Comme dans beaucoup d’autres pays du monde, le coronavirus a imposé une trêve à la classe politique sénégalaise. Une pause qui semble trop durer puisque certains commencent à sortir de leur “quarantaine”.

“Notre présence ici suffit à indiquer que l’heure est grave”, déclarait Ousmane Sonko, le 24 mars dernier, au sortir d’une audience avec le président de la République. A sa suite, Idrissa Seck, également reçu par le chef de l’Etat, indiquait: “L’eau qui est destinée à éteindre le feu n’a pas besoin d’être filtrée.” Autrement dit, tous les moyens sont bons pour lutter contre le Covid-19. Le chef du parti Rewmi appelait même les députés à voter à l’unanimité la loi d’habilitation. Dès lors, la classe politique était entrée en “quarantaine”. Plus un seul avis critique sur la gestion de la crise sanitaire par le gouvernement. Le débat démocratique est ainsi mis entre parenthèses. Aucune voix, en dehors de quelques défenseurs des droits de l’homme, pour dénoncer la violence exercée par les forces de l’ordre sur les citoyens lors des deux premiers jours du couvre-feu. Aucune voix discordante en dehors de celles à peine audibles d’un Abdoul Mbaye ou du député Mamadou Lamine Diallo.

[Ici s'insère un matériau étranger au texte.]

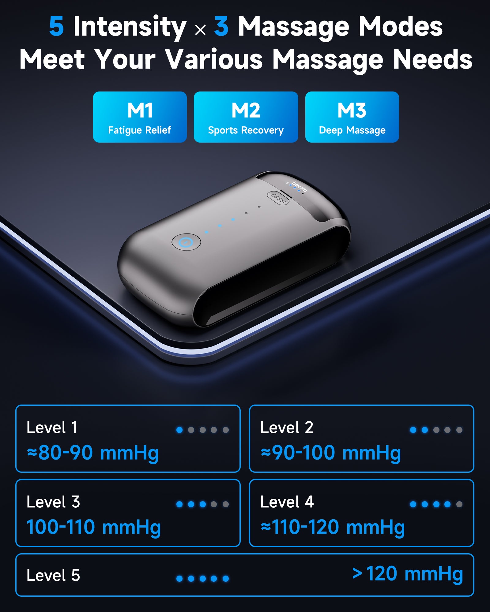 Offering multiple massage modes, including mimicked hand kneading and squeezing techniques, to cater to various needs, from professional sports recovery to leg pain alleviation and everyday relaxation.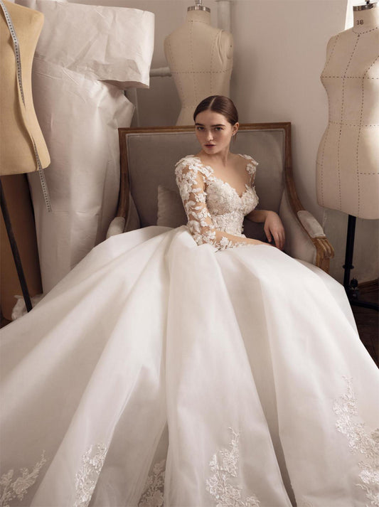 Charming & Elegant Ball Gown Boho Wedding Dresses Sweetheart Appliqued Beads Long Sleeves Court Train Bridal Gowns Custom Made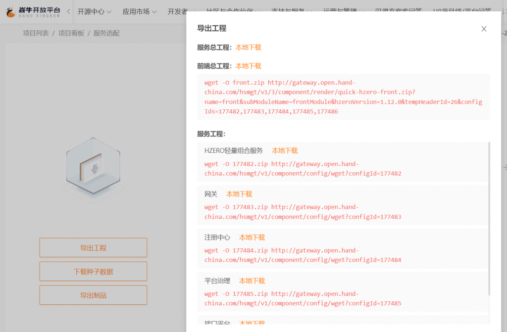 确认批量修改,回到上个界面,这里服务名称和服务编码不用输入,在右边 打勾”全选7项“,进入”下一步“ 即可生成工程和种子数据;

Eh bien, il semble de plus en plus que cette mise en quarantaine volontaire était une erreur. Puisqu’elle a permis à Macky Sall et à son pouvoir de dérouler en toute tranquillité. La preuve: beaucoup de manquements sont notés dans l’attribution des marchés des denrées alimentaires destinées aux populations. Un seul homme d’affaires a ainsi pu gagner deux marchés d’une valeur estimée à plus de 17 milliards. Le député Demba Diop Sy s’est adjugé le marché du transport des vivres. Alors que, selon les spécialistes, la loi ne le lui permet pas. Et c’est le moment choisi par les acteurs politiques pour sortir timidement de leur confinement. Sur la chaîne de télévision privée Walf Tv, le député Cheikh Bamba Dièye soutient que l’Assemblée nationale n’a pas le choix, elle est obligée de réclamer des comptes à l’exécutif. Mais pour Me Abdoulaye Tine, avocat inscrit au barreau de Paris, le débat critique n’aurait jamais dû cesser. Selon lui, il faut que l’Assemblée continue de contrôler ce que fait le gouvernement. “Le coronavirus tue, mais il enrichit des gens sur le dos des populations vulnérables”, dénonce les Forces démocratiques du Sénégal (Fds) de docteur Babacar Diop.

Toutefois, si ces quelques salves annoncent une timide fin de quarantaine pour la classe politique, les grands partis comme le Parti démocratique sénégalais (Pds) ou encore le Rewmi d’Idrissa Seck préfèrent garder le silence sur ce que d’aucuns perçoivent comme un parfum de scandale. Pourtant, dans un pays comme la France où le Covid-19 fait beaucoup plus de dégâts, l’opposition continue de jouer son rôle en critiquant le gouvernement d’Emmanuel Macron, notamment sur le dossier des masques ou des maisons de retraite et même de la protection du personnel soignant. Des critiques qui, sans aucun doute, aident le pouvoir à s’ajuster et à respecter les lois et règlements.